Glenn Linderman v+python at g.nevcal.com
Thu Apr 28 08:20:56 CEST 2011


On 4/27/2011 8:43 PM, Nick Coghlan wrote:
> On Thu, Apr 28, 2011 at 12:42 PM, Stephen J. Turnbull
> <stephen at xemacs.org>  wrote:
>> Mark Dickinson writes:
>>
>>   >  Declaring that 'nan == nan' should be True seems attractive in
>>   >  theory,
>>
>> No, it's intuitively attractive, but that's because humans like nice
>> continuous behavior.  In *theory*, it's true that some singularities
>> are removable, and the NaN that occurs when evaluating at that point
>> is actually definable in a broader context, but the point of NaN is
>> that some singularities are *not* removable.  This is somewhat
>> Pythonic: "In the presence of ambiguity, refuse to guess."

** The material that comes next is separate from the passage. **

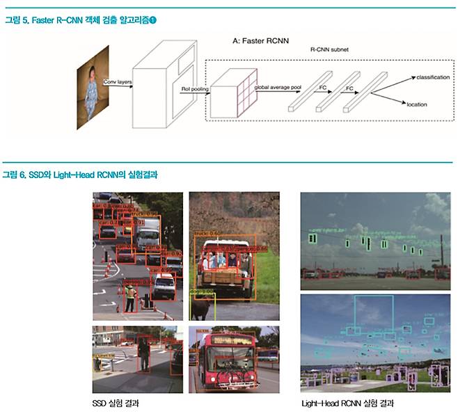 두 단계 검출기는 대략적인 객체의 위치를 검출한 후, 검출된 후보군의 분류와 세밀한 객체의 위치 검출을 수행한다. 대표적인 알고리즘으로 Faster- RCNN, Light-Header R-CNN 등이 있다. <그림 5>❶는 두 단계 검출기에서 가장 많이 사용되는 Faster R-CNN의 알고리즘을 나타내는 그림이다. 그림을 살펴보면 처음 RGB 채널의 이미지가 들어가게 되고, DNN 연산을 수행하여 객체가 있을 만한 위치에 대한 후보군(Region of Interest)들을 찾아낸다(대략적인 Localization). 이후, 후보군들 각각에 대하여 Classification을 수행하고, 후보군 내에서 더욱 정확한 위치에 대한 연산을 수행한다.

> Refusing to guess in this case would be to treat all NaNs as
> signalling NaNs, and that wouldn't be good, either :)
>
> I like Terry's suggestion for a glossary entry, and have created an
> updated proposal at http://bugs.python.org/issue11945
>
> (I also noted that array.array is like collections.Sequence in failing
> to enforce the container invariants in the presence of NaN values)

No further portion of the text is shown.